Cette histoire d’un lépreux avait su toucher les émotions et faire du bien… même si, finalement, aucun prix ne récompensa cette jolie œuvre.

Après la mort de sa femme, Beshay, lépreux guéri mais défiguré par les stigmates de la maladie, décide de quitter sa léproserie de toujours pour rechercher sa famille qui l’a abandonné quand il était jeune enfant. Commence alors pour lui, une longue route parsemée de rencontres, d’embûches, de toutes sortes de situations joyeuses ou difficiles, où il ne sera pas seul mais devra se confronter aux choses enfouies au plus profond de lui, en quête d’une famille, d’un foyer, d’un peu d’humanité… 

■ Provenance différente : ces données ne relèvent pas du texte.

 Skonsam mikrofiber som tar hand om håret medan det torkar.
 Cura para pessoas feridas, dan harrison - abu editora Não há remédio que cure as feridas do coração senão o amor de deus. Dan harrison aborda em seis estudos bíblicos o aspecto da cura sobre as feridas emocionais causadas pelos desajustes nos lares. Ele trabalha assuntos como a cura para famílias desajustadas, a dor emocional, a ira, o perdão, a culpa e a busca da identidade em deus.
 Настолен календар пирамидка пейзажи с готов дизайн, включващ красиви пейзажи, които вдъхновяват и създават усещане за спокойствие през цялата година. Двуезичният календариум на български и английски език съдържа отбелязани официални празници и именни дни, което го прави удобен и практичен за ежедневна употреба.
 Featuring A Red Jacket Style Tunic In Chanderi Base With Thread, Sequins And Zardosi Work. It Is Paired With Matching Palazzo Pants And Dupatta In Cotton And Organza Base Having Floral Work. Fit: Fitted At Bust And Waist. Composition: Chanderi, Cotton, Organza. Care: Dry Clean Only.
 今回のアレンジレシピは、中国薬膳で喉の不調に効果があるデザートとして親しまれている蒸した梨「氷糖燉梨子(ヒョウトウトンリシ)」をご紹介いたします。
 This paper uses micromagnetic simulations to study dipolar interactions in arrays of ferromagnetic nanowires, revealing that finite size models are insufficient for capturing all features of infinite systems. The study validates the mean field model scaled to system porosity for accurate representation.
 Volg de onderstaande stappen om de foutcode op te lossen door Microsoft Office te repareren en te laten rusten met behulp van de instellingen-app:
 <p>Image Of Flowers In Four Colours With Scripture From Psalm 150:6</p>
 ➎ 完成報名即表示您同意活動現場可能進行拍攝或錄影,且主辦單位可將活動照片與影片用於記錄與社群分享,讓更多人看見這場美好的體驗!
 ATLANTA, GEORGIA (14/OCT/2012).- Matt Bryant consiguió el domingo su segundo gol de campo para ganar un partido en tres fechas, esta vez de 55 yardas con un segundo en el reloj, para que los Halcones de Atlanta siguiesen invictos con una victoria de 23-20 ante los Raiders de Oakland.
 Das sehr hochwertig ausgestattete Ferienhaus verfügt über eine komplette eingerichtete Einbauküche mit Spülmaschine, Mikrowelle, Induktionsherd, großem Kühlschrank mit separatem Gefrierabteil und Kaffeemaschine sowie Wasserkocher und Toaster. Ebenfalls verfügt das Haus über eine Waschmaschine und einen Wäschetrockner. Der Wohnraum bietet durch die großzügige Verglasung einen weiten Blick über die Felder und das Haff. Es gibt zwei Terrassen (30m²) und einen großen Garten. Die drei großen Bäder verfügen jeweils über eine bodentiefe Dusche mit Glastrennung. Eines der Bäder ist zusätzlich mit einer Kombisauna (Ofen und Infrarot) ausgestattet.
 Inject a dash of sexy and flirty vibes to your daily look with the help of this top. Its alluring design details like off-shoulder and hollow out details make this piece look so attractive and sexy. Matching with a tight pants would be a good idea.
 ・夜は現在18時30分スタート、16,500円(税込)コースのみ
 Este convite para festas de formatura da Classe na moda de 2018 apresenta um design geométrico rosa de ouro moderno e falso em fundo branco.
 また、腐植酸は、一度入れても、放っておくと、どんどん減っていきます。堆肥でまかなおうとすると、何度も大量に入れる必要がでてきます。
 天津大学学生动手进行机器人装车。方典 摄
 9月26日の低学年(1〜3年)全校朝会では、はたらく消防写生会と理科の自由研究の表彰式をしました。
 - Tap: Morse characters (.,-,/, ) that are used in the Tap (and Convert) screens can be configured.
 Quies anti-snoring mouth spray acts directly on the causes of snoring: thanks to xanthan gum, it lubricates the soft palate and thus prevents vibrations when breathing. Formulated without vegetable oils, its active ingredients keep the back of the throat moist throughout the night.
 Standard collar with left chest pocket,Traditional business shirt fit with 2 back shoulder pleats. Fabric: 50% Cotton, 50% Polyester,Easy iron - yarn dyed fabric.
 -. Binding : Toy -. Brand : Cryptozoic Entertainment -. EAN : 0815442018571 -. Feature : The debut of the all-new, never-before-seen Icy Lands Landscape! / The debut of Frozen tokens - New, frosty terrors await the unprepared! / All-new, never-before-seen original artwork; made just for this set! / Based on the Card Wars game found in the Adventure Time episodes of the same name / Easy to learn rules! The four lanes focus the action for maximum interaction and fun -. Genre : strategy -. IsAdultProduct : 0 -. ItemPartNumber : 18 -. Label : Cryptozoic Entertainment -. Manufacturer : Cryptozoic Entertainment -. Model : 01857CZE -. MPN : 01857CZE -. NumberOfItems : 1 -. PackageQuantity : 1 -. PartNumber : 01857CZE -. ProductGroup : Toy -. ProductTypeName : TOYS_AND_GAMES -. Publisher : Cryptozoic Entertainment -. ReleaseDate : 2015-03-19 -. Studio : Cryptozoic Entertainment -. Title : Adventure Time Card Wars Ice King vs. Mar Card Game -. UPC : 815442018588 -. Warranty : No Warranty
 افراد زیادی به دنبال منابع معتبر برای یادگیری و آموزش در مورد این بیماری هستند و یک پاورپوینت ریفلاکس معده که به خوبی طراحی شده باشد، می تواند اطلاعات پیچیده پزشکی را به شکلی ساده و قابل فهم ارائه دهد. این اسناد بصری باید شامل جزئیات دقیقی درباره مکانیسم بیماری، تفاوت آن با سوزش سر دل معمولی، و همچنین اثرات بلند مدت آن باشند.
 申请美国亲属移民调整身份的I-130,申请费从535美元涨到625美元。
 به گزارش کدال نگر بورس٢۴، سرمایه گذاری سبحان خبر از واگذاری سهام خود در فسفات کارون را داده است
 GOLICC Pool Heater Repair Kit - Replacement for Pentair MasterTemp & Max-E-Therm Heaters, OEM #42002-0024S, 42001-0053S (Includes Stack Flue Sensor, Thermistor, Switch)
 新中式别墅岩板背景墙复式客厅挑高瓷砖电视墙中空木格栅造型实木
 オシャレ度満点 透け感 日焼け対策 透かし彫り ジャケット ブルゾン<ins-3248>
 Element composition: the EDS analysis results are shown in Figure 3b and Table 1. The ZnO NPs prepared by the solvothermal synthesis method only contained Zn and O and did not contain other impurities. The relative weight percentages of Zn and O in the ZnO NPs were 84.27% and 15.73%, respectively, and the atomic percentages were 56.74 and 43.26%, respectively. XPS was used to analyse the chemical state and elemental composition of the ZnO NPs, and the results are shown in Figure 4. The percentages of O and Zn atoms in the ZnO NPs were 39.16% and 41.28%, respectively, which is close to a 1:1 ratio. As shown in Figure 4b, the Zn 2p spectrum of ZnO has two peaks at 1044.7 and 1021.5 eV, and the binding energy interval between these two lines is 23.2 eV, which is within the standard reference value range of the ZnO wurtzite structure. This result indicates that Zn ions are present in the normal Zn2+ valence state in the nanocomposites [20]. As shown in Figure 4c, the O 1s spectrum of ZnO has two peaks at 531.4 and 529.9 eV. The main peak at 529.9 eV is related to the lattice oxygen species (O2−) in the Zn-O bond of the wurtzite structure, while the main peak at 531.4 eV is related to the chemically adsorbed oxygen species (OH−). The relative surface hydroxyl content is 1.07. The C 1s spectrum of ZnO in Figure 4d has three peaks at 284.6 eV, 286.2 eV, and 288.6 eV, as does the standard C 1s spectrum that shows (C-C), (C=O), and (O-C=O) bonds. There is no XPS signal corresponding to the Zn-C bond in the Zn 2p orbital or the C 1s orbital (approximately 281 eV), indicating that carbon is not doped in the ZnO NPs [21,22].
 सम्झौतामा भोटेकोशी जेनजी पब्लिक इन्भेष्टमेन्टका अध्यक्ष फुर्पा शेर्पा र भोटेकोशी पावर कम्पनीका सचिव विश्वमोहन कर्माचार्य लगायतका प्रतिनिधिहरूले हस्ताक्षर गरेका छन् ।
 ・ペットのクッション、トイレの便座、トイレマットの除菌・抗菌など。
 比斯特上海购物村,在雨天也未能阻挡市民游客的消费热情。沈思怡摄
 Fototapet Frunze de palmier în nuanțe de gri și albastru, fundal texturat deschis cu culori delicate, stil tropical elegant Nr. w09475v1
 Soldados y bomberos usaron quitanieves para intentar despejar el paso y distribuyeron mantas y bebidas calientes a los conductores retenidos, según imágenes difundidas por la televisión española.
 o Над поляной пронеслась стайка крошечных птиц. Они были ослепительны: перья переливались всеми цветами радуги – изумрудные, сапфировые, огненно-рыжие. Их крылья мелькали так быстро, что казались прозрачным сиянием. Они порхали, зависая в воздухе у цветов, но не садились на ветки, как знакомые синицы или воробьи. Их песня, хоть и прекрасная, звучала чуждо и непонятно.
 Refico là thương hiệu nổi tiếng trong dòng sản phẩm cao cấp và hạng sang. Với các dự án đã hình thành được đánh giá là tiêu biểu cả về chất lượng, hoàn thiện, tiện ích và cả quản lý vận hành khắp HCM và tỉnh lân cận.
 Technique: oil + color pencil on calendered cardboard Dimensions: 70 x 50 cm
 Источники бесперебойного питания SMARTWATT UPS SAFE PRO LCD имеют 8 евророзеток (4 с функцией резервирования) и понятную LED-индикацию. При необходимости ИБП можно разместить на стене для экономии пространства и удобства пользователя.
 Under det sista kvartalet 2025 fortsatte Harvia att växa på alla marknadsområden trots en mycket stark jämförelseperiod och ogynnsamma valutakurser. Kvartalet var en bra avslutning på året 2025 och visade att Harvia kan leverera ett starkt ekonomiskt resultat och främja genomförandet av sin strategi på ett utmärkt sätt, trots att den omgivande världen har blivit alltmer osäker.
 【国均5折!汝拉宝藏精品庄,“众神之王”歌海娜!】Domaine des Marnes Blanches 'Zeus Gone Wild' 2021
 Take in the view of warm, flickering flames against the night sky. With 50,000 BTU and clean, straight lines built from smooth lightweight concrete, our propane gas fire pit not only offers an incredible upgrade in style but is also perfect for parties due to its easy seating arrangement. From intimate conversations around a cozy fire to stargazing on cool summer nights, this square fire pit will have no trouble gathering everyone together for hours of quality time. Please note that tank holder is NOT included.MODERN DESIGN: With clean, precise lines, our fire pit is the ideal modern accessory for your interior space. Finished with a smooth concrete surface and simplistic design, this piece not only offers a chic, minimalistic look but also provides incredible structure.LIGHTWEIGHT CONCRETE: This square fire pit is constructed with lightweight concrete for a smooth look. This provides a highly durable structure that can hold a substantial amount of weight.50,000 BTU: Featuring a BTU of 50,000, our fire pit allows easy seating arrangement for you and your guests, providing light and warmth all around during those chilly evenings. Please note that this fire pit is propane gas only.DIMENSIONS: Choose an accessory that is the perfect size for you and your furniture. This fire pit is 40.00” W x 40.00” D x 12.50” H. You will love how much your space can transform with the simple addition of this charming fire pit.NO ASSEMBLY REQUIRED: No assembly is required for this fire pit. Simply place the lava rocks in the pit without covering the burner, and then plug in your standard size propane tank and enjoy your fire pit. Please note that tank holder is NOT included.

Si les premières minutes m’avaient laissé un peu perplexe, très vite les doutes furent chassés et je me suis retrouvé embarqué dans cette histoire d’une grande beauté. Une beauté qui ne se joue pas ici dans l’apparence, dans le visible… Une beauté qui se découvre dans l’épaisseur des personnages, derrière les blessures physiques, derrière les détritus qui peuvent devenir une montagne, derrière des histoires pétries de souffrance et d’accidents de la vie. C’est au plus profond de l’âme que se dévoile la force de Beshay, ce petit bonhomme attendrissant, d’Obama son jeune compagnon, et de quelques autres éclopés rencontrés par hasard.

Abu Bakr Shawkya su trouver la justesse en touchant les cœurs mais sans tomber dans le pathos. Il filme sans complaisance, et propose là une sorte de road trip initiatique. Je dis « une sorte » car n’imaginez pas le road trip à l’américaine… ici pas de voiture emblématique mais une charrette tirée par un âne qui laissera place à toutes sortes d’autre engins sur des chemins rudes et secs.Un road trip, donc, émouvant et surtout engagé, porté par un extraordinaire acteur non-professionnel, qui au passage, notons-le, est un véritable ancien lépreux. On ressent chez A.B. Shawky ce soin de défendre les exclus. Plusieurs scènes sont marquantes à cet égard, avec même une restitution d’une certaine « cour des miracles », là où vivent ces gens situés sur la marge, oubliés physiquement et rejetés socialement, mais auxquels le cinéaste redonne une vraie dignité que d’autre ont voulu leur ôter.

Mais n’imaginait pas non plus un film glauque ou ayant tendance à prendre en otage le spectateur. Yomeddine est un film intègre qui a choisi de se dérouler sur le ton de la comédie, qui a choisi ce que j’appellerai la gaieté sincère comme marque de fabrique. C’est ainsi qu’il peut nous rejoindre tous et devenir un pur divertissement familial fait de personnages sympathiques, d’images colorées et lumineuses au rythme d’une musique très agréable en nous interpellant sur le sens profond du bonheur.

Un film qui fait du bien disais-je, qui montre encore que le cinéma peut parfois se permettre de toucher, de faire réfléchir, de jouer ainsi l’un de ses rôles primordiaux à l’égard du spectateur, sans grands moyens, sans stars patentées, et même avec quelques faiblesses cinématographiques, mais surtout avec grâce, sourire et délicatesse.